* [Data shown]
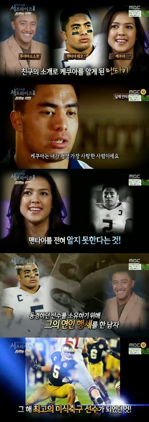 7월 13일 방송된 MBC '신비한TV 서프라이즈'에서는 동성팬에게 사기 연애를 당한 미국 최고 미식축구 선수 맨타이의 이야기가 그려졌다.
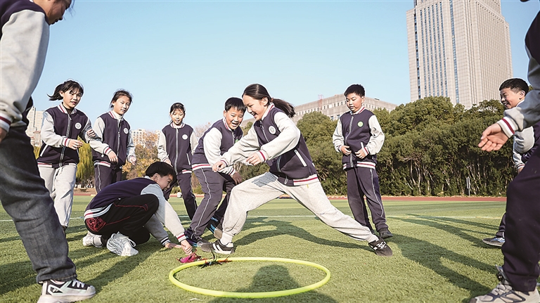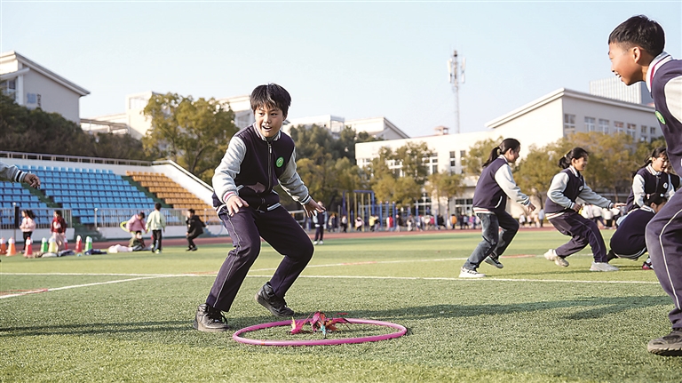 为落实江苏省“2·15专项行动”,白鹿小学开展体育创意游戏项目化实践活动,师生经过创编、改进、评价等环节,评选并推广优秀原创游戏,让学生在快乐游戏中提升参与、分享与合作创新能力。
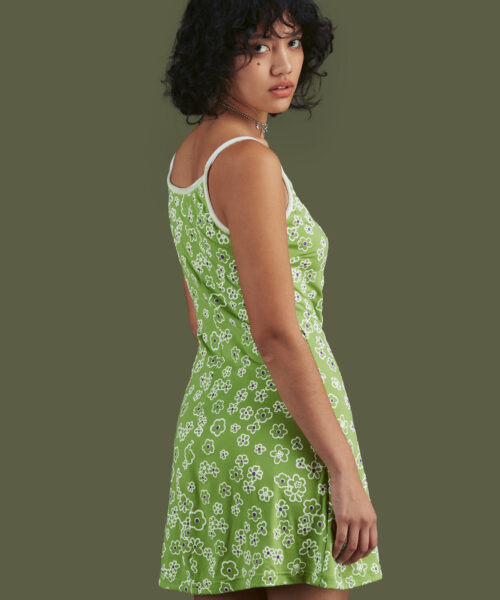 Stretchy floral dress with puff print detailing and velvet neckline, binding and straps.

* [The task] Retype the data above exactly. Leave the pictures out.

* [Task answer]
 7월 13일 방송된 MBC '신비한TV 서프라이즈'에서는 동성팬에게 사기 연애를 당한 미국 최고 미식축구 선수 맨타이의 이야기가 그려졌다.
 为落实江苏省“2·15专项行动”,白鹿小学开展体育创意游戏项目化实践活动,师生经过创编、改进、评价等环节,评选并推广优秀原创游戏,让学生在快乐游戏中提升参与、分享与合作创新能力。
 Stretchy floral dress with puff print detailing and velvet neckline, binding and straps.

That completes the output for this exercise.